As I get older I realize one strange oddity and that is how my much younger self would hate my older self. Things that seemed so dead set are on opposite ends now.
I look back to my early 20’s and how I would protest (yes protest)things I thought were wrong. I started an anti censorship group when I was 20 and fought for many things besides censorship like abortion, religious groups, welfare, affirmative action, and so many more. I was very far left, definitely close to communism and yes I called myself a socialist. I worked with the Democratic Party hoping they would become as far left as me. After all the Republicans were the enemy and they hated far lefties like me.
What happened? I slowly did a turn more right. I started to see things that bothered me. I lost a job due to affirmative action and realized that while people are discriminated against, that sometimes with affirmative action other people are discriminated as well. I started seeing people I know abuse the welfare system and my old belief that it’s fine to have kids out of wedlock and on welfare disappeared. I saw people abuse the abortion choice and while I support it I realize the pro life movement isn’t completely wrong either and that for me personally I would not do it. Not to mention taxes. In my early 20’s I was in college and didn’t pay a lot in taxes or it didn’t appear I did. However once I started going into the real world I saw I often paid taxes the more I worked.
While all of this started me turning right, the event that really switched my views on a lot was my long term unemployment. When I started unemployment I was so sure I would be employed eventually. 4 years and counting I am still unemployed and while I still apply for jobs and still get the random interview I know I am pretty much useless to a lot of employers. Anyway you would think this would turn me left but instead it opened my eyes and I saw that neither main party cared about us and in fact were in cahoots to kill the middle class. While I voted for Obama I woke up to the fact that he lied about his intentions. At least as awful that Bush was we knew he would be for the rich. Obama claimed to be for us and has proven he is not.

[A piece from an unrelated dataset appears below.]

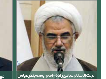
حجت الاسلام عبادی زاده - امام جمعه بندرعباس

زمانی که یک شغل و پیشه جدید به وجود می آید ادامه داد: به ویژه زمانی که انسان با نام و یاد خدا کار خود را آغاز می کند و تصمیم می گیرد که به فکر سرفه خالی مردم باشد. وی اظهارداشت: شما مظهر خلق آفریننده کار هستید و ارزش کار شما بسیار بالاست. امروز ما در یک جهاد همه جانبه ترکیبی از نسوی دشمنان این سرزمین هستیم. نماینده ولی فقیه در هرمزگان اضافه کرد: اقتصاد، امنیت و فرهنگ سه ضلع یک مثلث هستند که زمانی که کنار هم قرار می گیرند شما می توانید در یک جنگ ترکیبی از دشمن بیروز شوید. این مسئول گفت: ظرفیت های استان هرمزگان بسیار بالاست و باید از این ظرفیت ها برای ایجاد اشتغال و رونق کسب و کارها بهره گرفت. وی ادامه داد: باید از هنرهای استان هرمزگان محافظت کنیم و

Finally another interesting twist to all of this and that is I went back to church. Yes remember in my early 20’s I hated religion? now I wish some religious aspects could come into play in politics. Now I am not saying I want a religious society but many aspects are ones that would help us, such as cut down on teen pregnancies, executions, and more family time and less work time. I came to a powerful realization a few years ago and that is I regret spending all this time being work obsessed when I could have had a family. Now at 41 I find myself unemployed with no end in sight and single and childless. The idea of me being a crazy cat lady living in my parents house when I get old scares me. What if it’s too late for me to have kids or find a husband? Scary and I blame the radical feminists for brainwashing me that to have a great career I needed to repress other needs. However I am not giving up on having a career again along with a husband and a family.